A: Data are stored in both Matlab binary (V6 .mat) although this could be changed. The entire data set could be exported to HDF, H5, CDF, netCDF, or text; see the function ts_export and the discussion in the Data section. Originally I planned to put the data set either HDF (.hdf), HDF 5 (.h5), CDF, or netCDF. These data formats have (1) essentially the same capabilities (for purposes relevent to TSDS) (2) varying levels of usability in different programs (for example, although Matlab has CDF support the reader is terribly inefficient.) (3) Varying levels of support on different platforms. I settled on Matlab V6 binary because it can be read by Octave, which is free (as in price) and is easily installed on the major operating systems.

Q: What language is TSDS written in?
A: The programs for reading and exporting the data in are Matlab/Octave scripts. Knowledge of these programs is not required for for using TSDS. The wget utility is used for downloading orignial data and Perl is used for parsing orignal data files in text format.

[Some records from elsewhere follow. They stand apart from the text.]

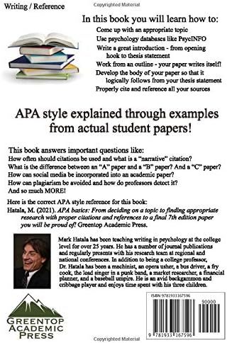 Apa Basics From Deciding On A Topic To Finding Appropriate Research With Proper Citations And References To A Final 7th Edition Paper You Will Be Proud Of Hatala Mark 9781933167596 Amazon Com Books
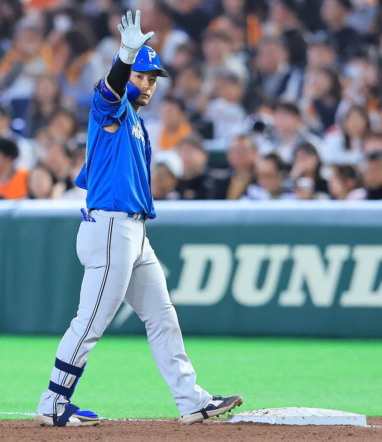 四回1死満塁、適時打を放った水野が塁上で手を叩く
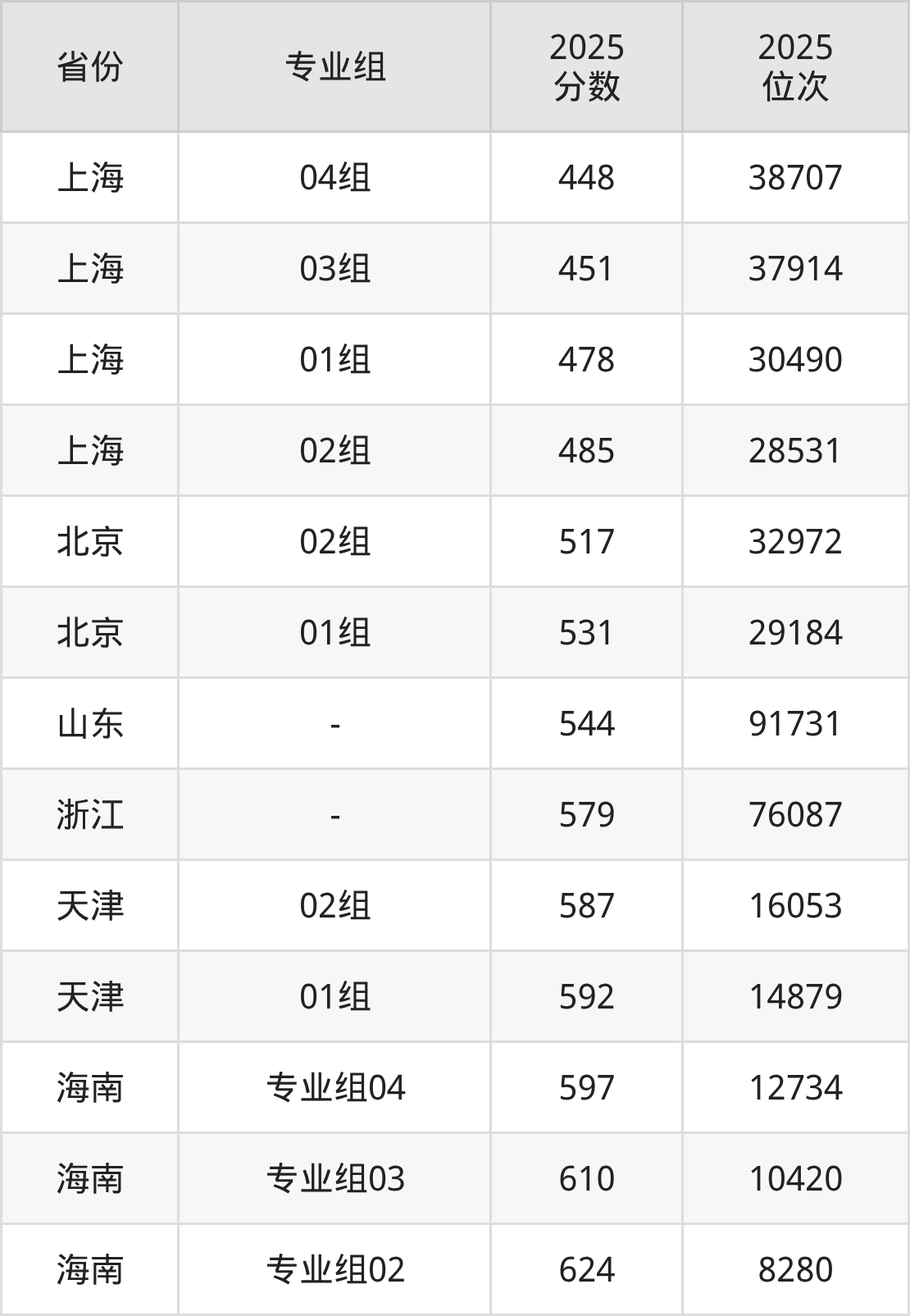 最低分对应地区为上海(04组),录取位次为38707,超本科线46分;最高分对应地区为海南(专业组02),录取位次为8280,超本科线144分。
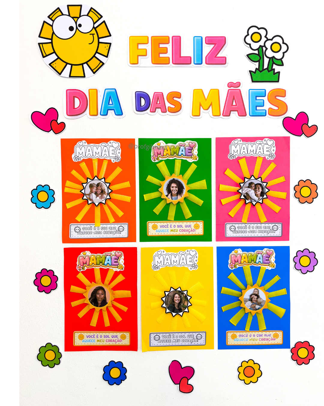 Olha essa proposta linda para o Dia das Mães a foto da mamãe fica no centro, rodeada pelos raios de sol feitos
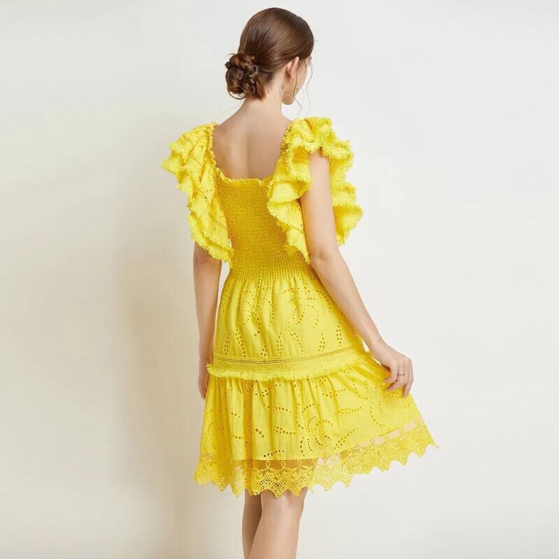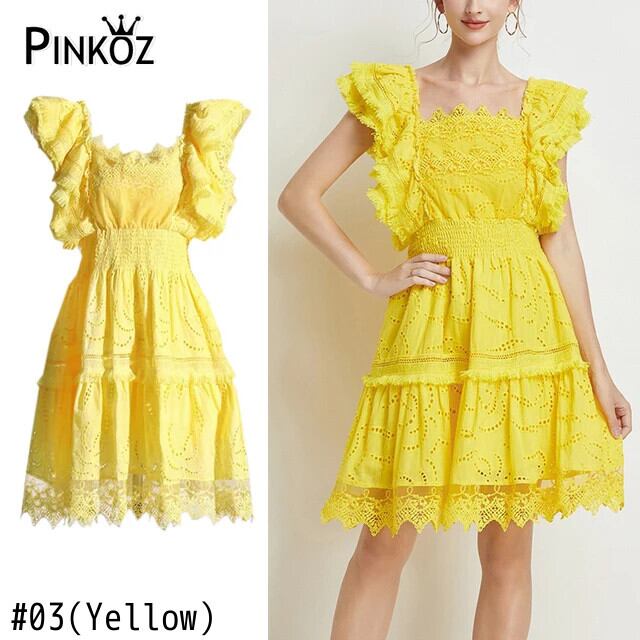 Pinkoz デザイナーミニ A ラインパッチワークドレスノースリーブイエローパーティーレースアウト夏ヴィンテージvestidos mujer ピンク サマー 夏物 Aライン ビンテージ
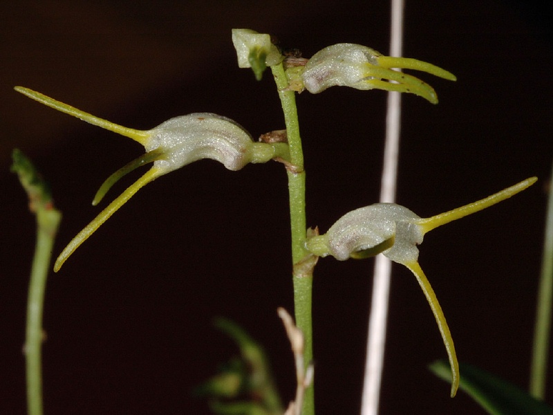 Found in Ecuador on the western slopes of the Andes at elevations of 2000 to 3300 meters as a mini-miniature sized, cold growing epiphyte or terrestrial with slender ramiucals enveloped by a loose, ribbed, tubular sheath and carrying a single, apical, erect, coriaceous, obovate, obtuse to subacute, tridenticulate, gradually cuneate below into the grooved, petiolate base leaf that blooms in the winter on an erect, 3.6" to 5.2" [9 to 13 cm] long, subsecund, loosely few flowered inflorescence arising from low on the ramicaul with a loose, oblique floral bract.
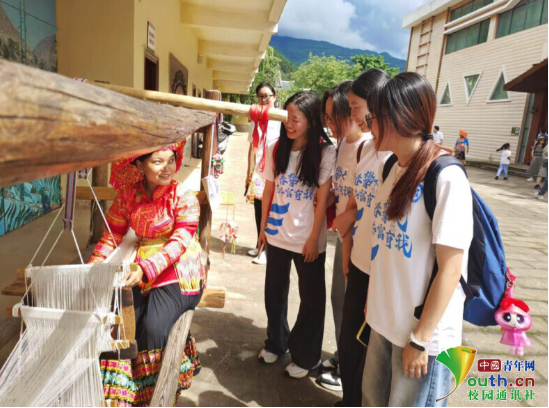 图为实践团成员观摩非遗织布技艺、与传承人交流。唐平供图
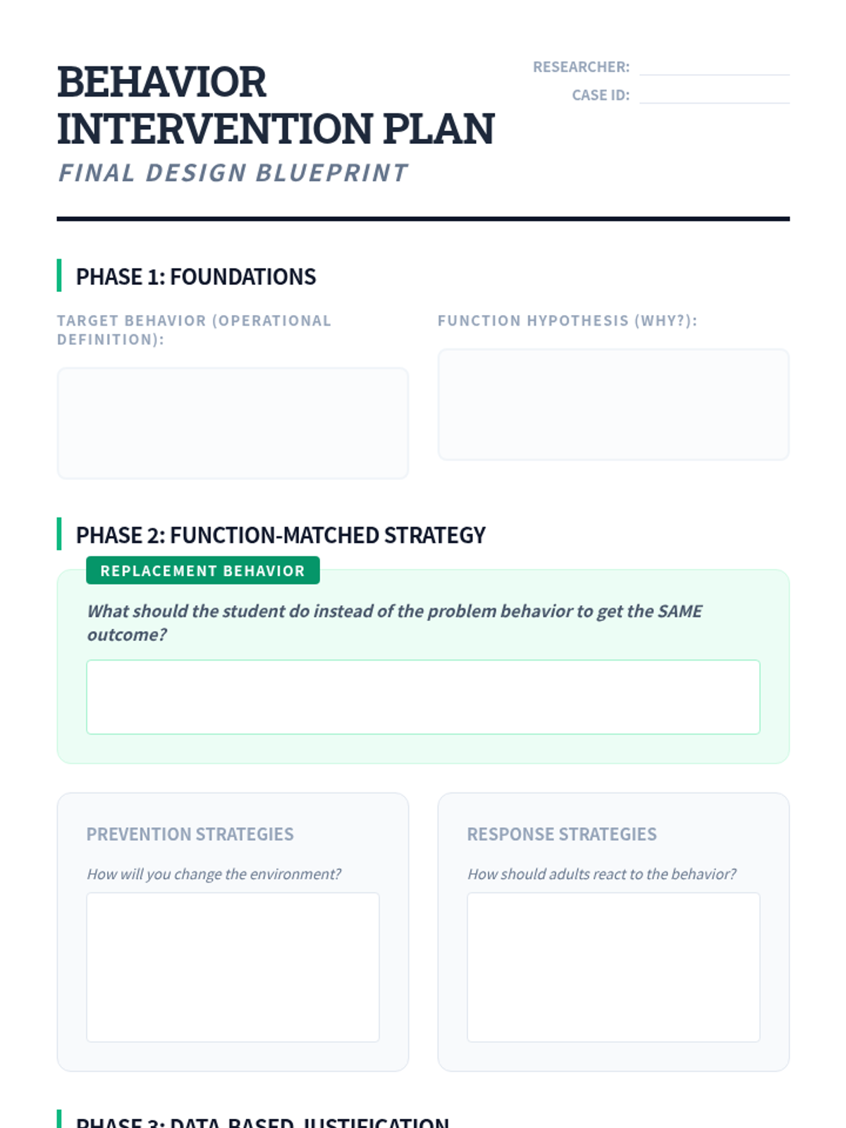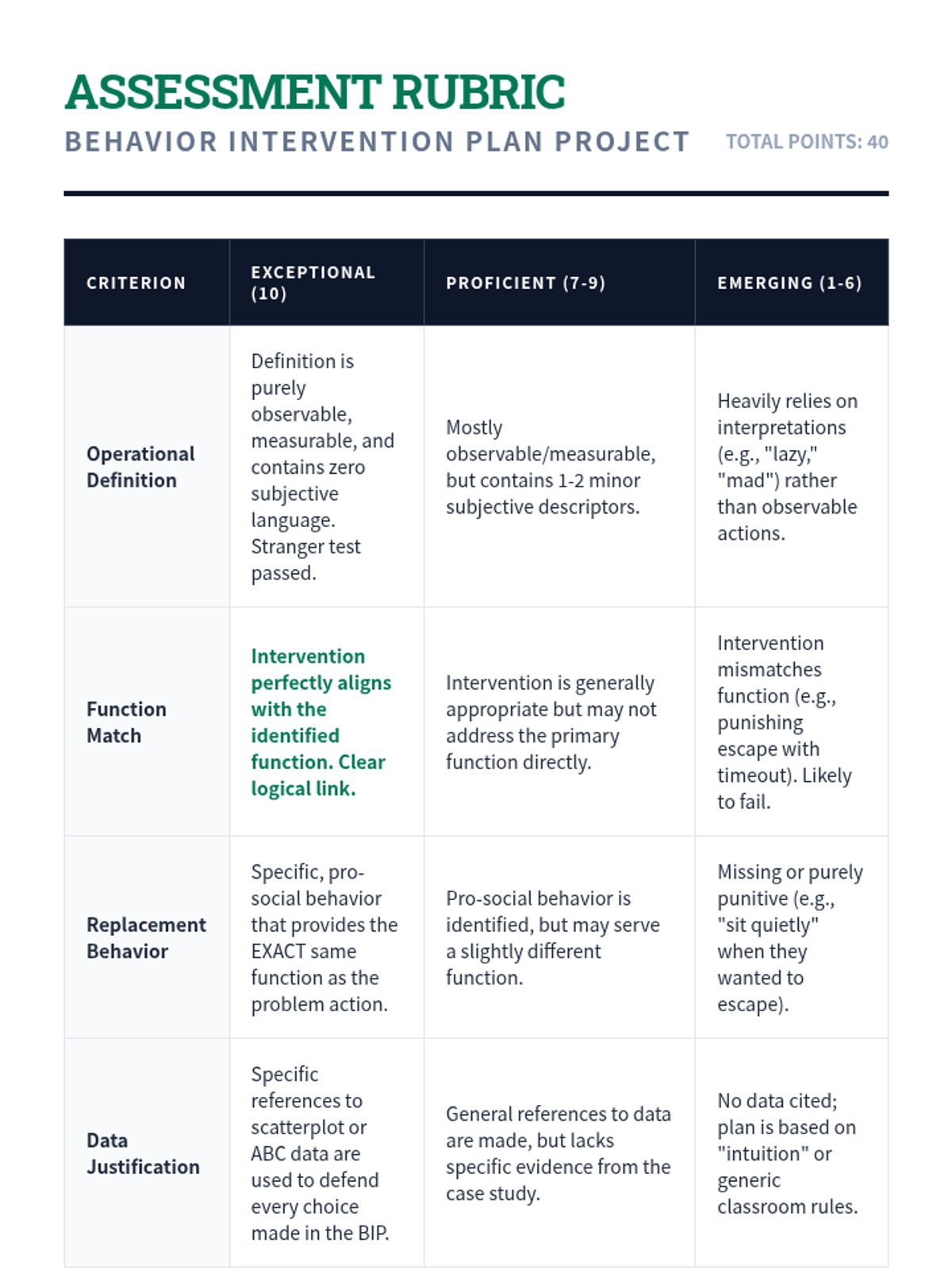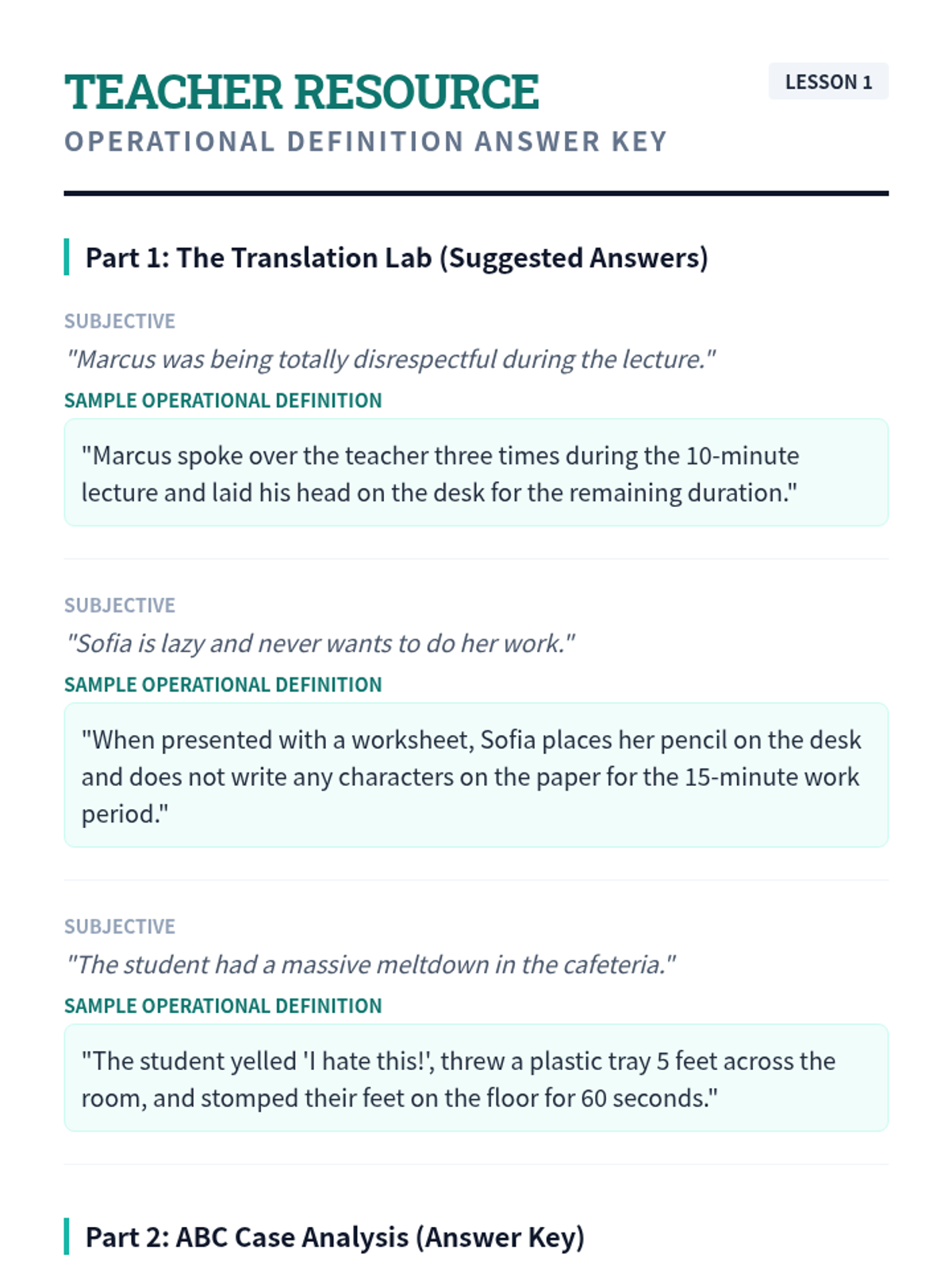 A comprehensive 11th-grade sequence on Functional Behavior Assessment (FBA). Students master the ABC model, quantitative data collection, pattern recognition, and function-matched intervention design to support behavioral growth.
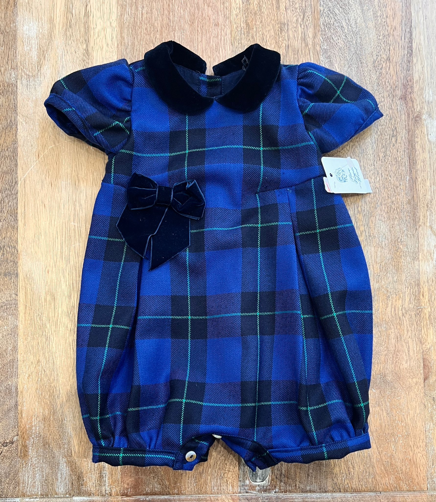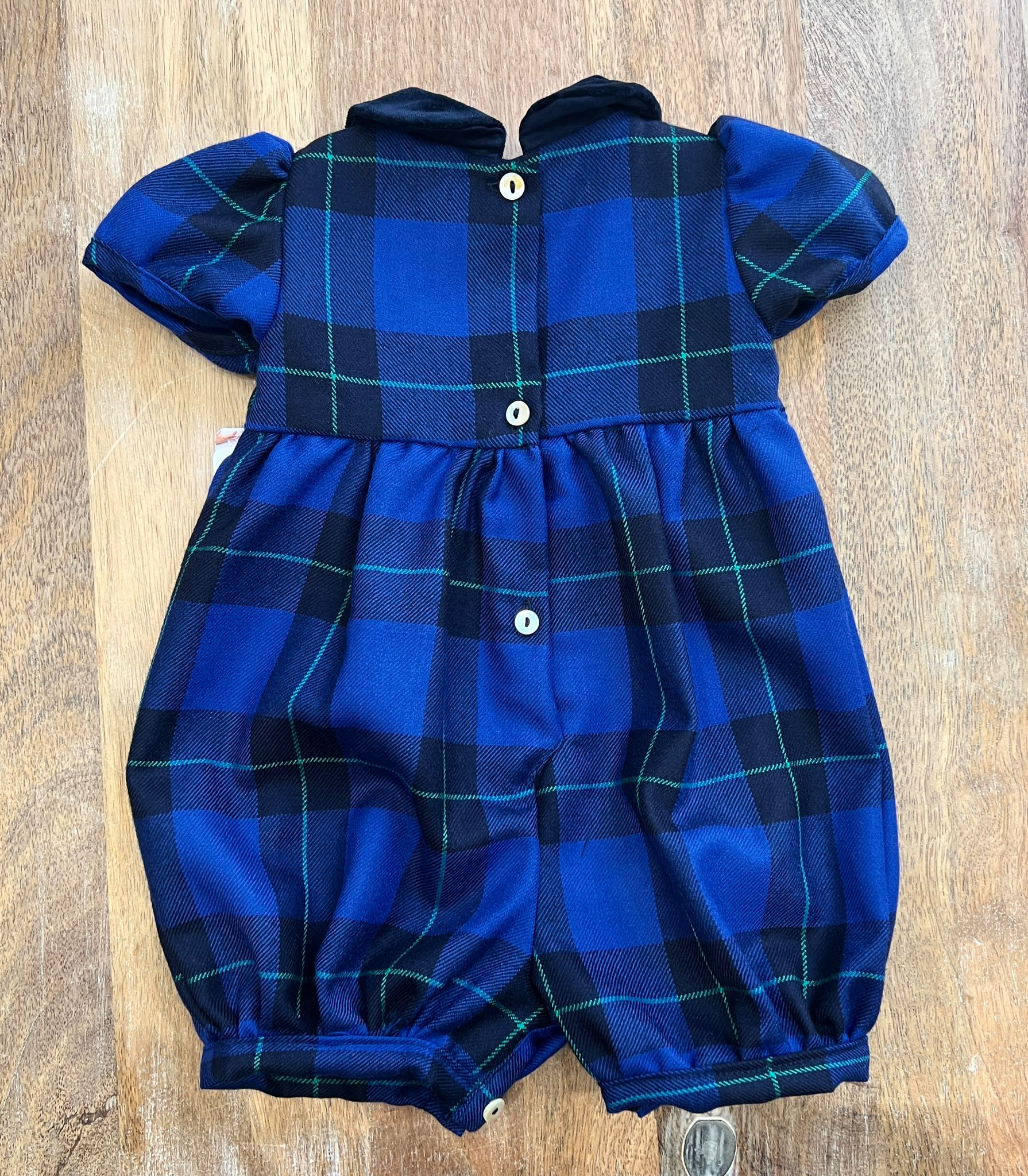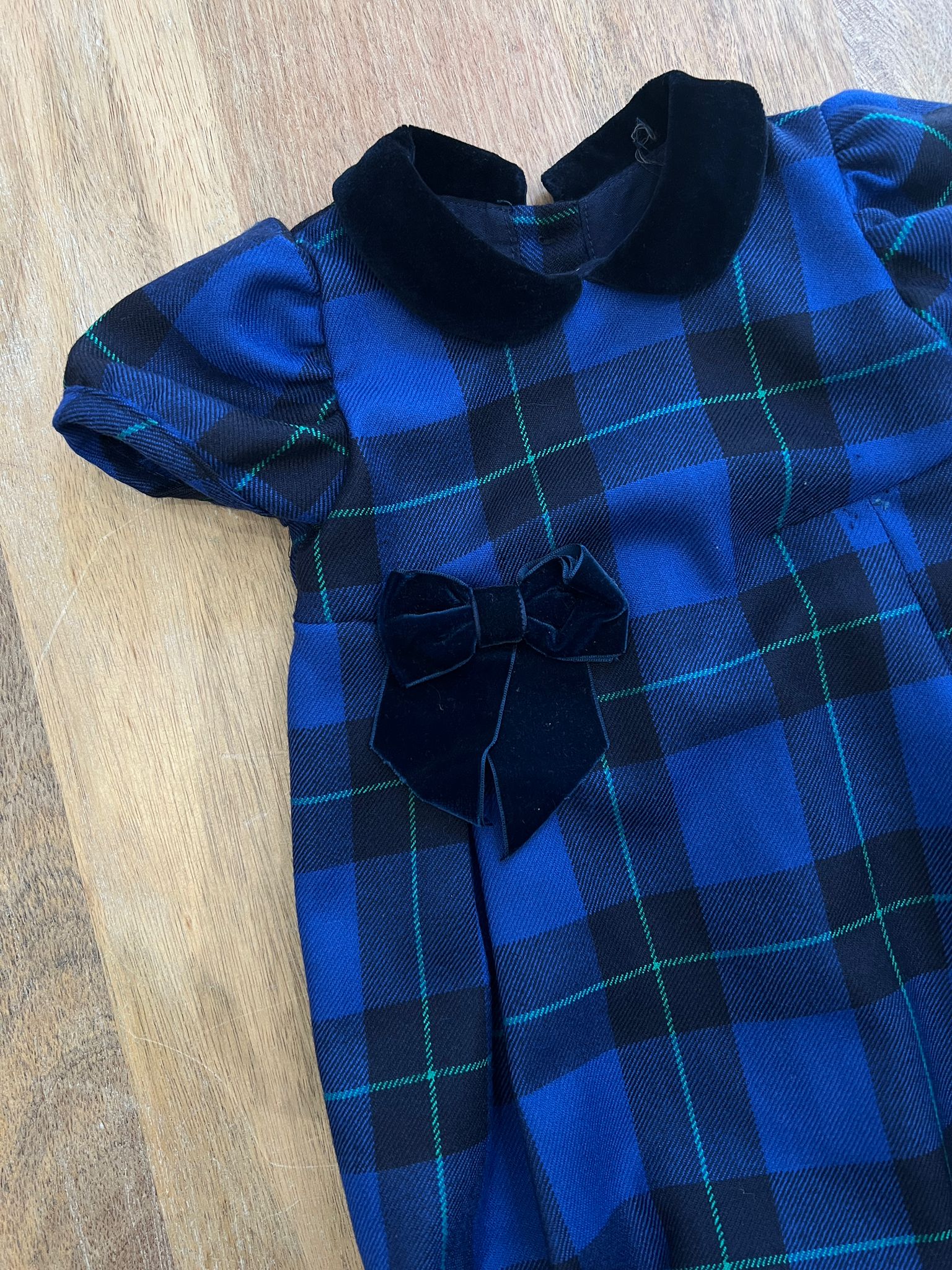 Pagliaccetto a quadri con collo e fiocco in velluto.

Q: What about updating the data?
A: In principle a user should be able update the time series by executing the programs in the make_fns directory. However, I have not tested these programs for cross-platform and Matlab/Octave compatability as much as the main TSDS programs, so their use may require some effort.

Download

TSDS requires Matlab or Octave (Free/Libre). Extensive experience with Matlab or Octave is not required. After installation, instructions and tutorial information are displayed to the screen. All path and configuration information is stored in the text file TSDS_GLOBALS.m; you should not need to change the parameters in this file. You can install TSDS into any directory; the subdirectory tsds-0.9.35/data (or ~/.tsds under Linux systems) will be used to store all of the downloaded data. If you are running out of disk space, delete any .mat file that does not have the string "metadataonly" in its name. It will be re-downloaded as needed.

Windows XP:

  • If you have Matlab 6.5 or greater, download the package [~5 MB zip], unzip, start Matlab, cd to the tsds-0.9.35/ directory and then type tsds at the Matlab command line; at this point you should see instructions printed to the screen.
  • If you do not have a Matlab license, first install Cygwin+Octave (both are free). Then, download the package [~1 MB zip], unzip, cd to the tsds-0.9.35/ start Octave and then type tsds at the Octave command line; at this point you should see instructions printed to the screen. (This combination should work, but is the least tested. It is quite likely that you will encounter problems such as missing dependencies or problems that are Octave-version dependent.)

Linux:

  • If you do not have Matlab, download [~10 MB zip] cd to the tsds-0.9.35/ directory execute ./tsds_octave (or PATH="$PATH:.";./tsds_octave) from the system command line. This script starts a slightly modified version of Octave 2.1.71 that is included in the zip file you download.
  • If you have Matlab 6.5 or greater, download the package [~1 MB zip], unzip, start Matlab, cd to the tsds-0.9.35/ directory and then type tsds at the Matlab command line; at this point you should see instructions printed to the screen.

Source code: [~1 MB zip]

Multi-user installation (not recommended): If you are a system administrator for a multi-user Linux system, you can install tsds into a system directory (i.e., /usr/local), but downloaded data will be stored in the users home directory. You may want to have each users ~/.tsds/data directory linked symbolically to a common directory.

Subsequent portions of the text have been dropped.